Friday, October 18, 2013

Disney/ABC Explores Sale Of Local TV Stations

UPDATE 10/19/2013 8AM: Walt Disney is not now trying to sell its local ABC television stations, sources have told FOX Business.
The Burbank, Calif.-based media conglomerate was said to be considering a sale of the broadcast stations back in 2010, when it sold two smaller market stations in Flint, Mich., and Toledo, Ohio.

10/18 Posting....

Walt Disney Co. is looking to hire an investment bank to explore a possible sale of its eight owned and operated television stations, a move that could reap billions, The NY Post has learned.

Disney’s ABC-affiliated stations are in larger markets, including New York, Los Angeles and Chicago, and reach roughly 23 percent of US TV households.

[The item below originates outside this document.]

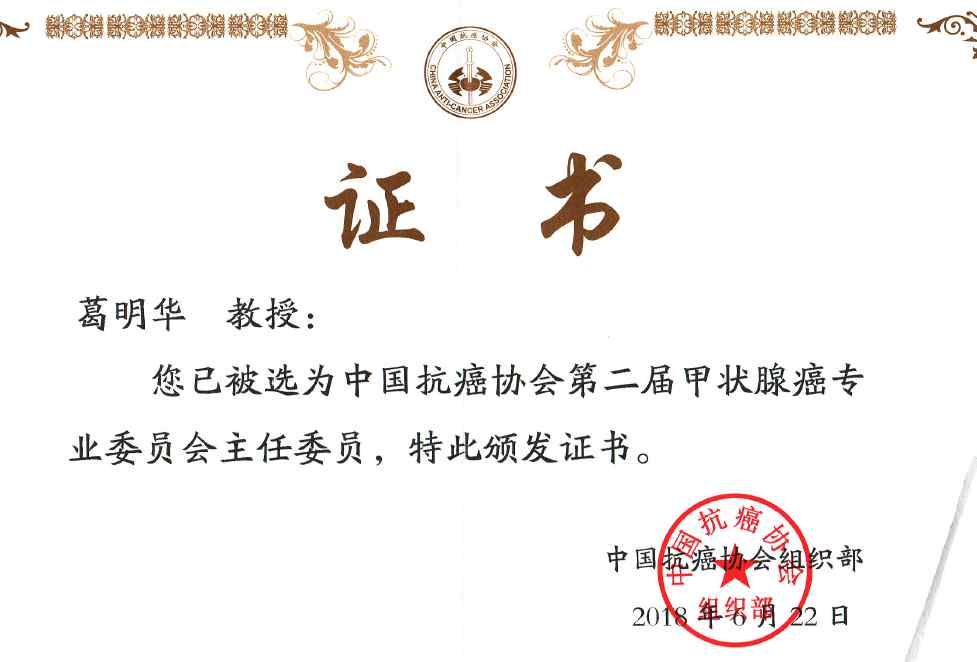 葛明华副院长任中国抗癌协会甲状腺癌专业委员会主任委员

The is not the first time Disney has flirted with selling its broadcast group, and sources cautioned that the media giant is still mulling the idea and may decide against it.

Disney isn’t considering a sale of the ABC network, according to sources.

Disney CEO Bob Iger is interested in what the broadcast business could fetch now that station valuations are much higher than when the company last explored a sale in 2010.

In July, Tribune paid $2.73 billion for 19 stations owned by Local TV, while Sinclair paid $985 million for seven Allbritton-owned stations. Earlier, Gannett bought Belo and its 20 stations for $1.5 billion.

There has been a wave of consolidation as companies buy up TV stations to reap the rising “retransmission” fees cable companies and other distributors cough up for the right to carry broadcast signals.

The more stations a company owns, the more leverage it has when it enters negotiations with pay-TV providers such as Comcast and Time Warner Cable.